This page is an English summary of our Thai article on termination of employment. It is grounded in the Labour Protection Act and the Civil and Commercial Code so businesses can distinguish between ordinary termination, immediate dismissal for misconduct, and the payments that still remain due.
Written notice is the starting point
Section 17 of the Labour Protection Act provides that when the employment period is not fixed, either side may terminate by giving advance notice in writing at or before a wage payment date, so that termination takes effect on the following wage payment date. The law does not require more than three months of advance notice. The same section also states that a probationary contract is treated as an indefinite-period employment contract.
Pay in lieu of notice
If the employer wants the employee to leave immediately without waiting for the notice period to run, section 17/1 requires payment equal to the wages the employee would have received until the lawful effective termination date. This is separate from statutory severance and should be considered before the dismissal is implemented.
Statutory severance under section 118
- 120 days to less than 1 year: at least 30 days of wages.
- 1 year to less than 3 years: at least 90 days of wages.
- 3 years to less than 6 years: at least 180 days of wages.
- 6 years to less than 10 years: at least 240 days of wages.
- 10 years to less than 20 years: at least 300 days of wages.
- 20 years or more: at least 400 days of wages.
Section 118 also contains special rules for definite-period employment.

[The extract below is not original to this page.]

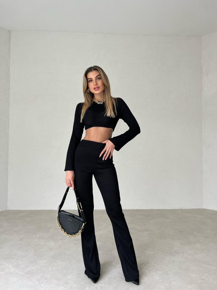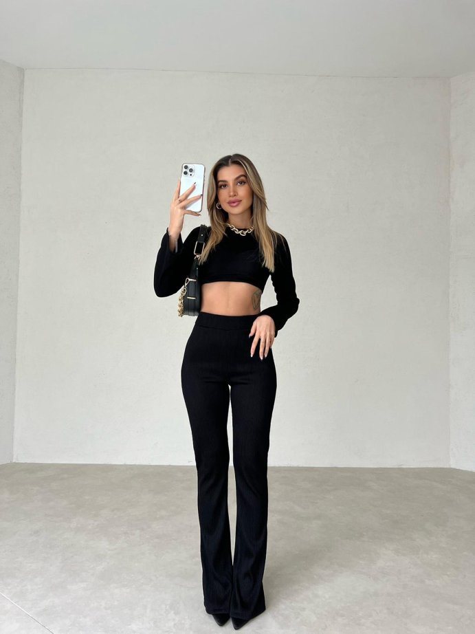 Crop-Pantolon Flash Takım 6423 - Siyah

Businesses should be careful before assuming that a contract is truly fixed-term in the statutory sense, because Thai law limits when that classification is available.
When severance may be withheld
Section 119 allows termination without severance only in specific cases, such as dishonesty, intentional criminal acts against the employer, willful damage, negligence causing serious damage, serious breach of lawful work rules after written warning, unjustified absence for three consecutive working days, or imprisonment by final judgment. These grounds should not be used casually, because if the employer cannot prove the legal ground properly, severance and other payments may still be due.
Other payments employers often miss
Termination analysis should not stop at notice and severance. Under the Labour Protection Act, accrued wage items, overtime, holiday-related payments, and annual holiday wages can still become payable on termination depending on the facts. A technically valid dismissal can still become expensive if final payment handling is incomplete.
Practical takeaway
In Thailand, lawful termination is mainly a process question. Employers should document the ground for termination, check whether written notice or pay in lieu is required, calculate severance under section 118, and confirm whether any section 119 exception is genuinely available before the employment ends.
Primary Thai sources used for this summary
- Labour Protection Act, especially sections 17, 17/1, 67, 118, and 119.
- Civil and Commercial Code, especially sections 582 and 583.
- The bilingual Thai-English labour law compilation in the local source files.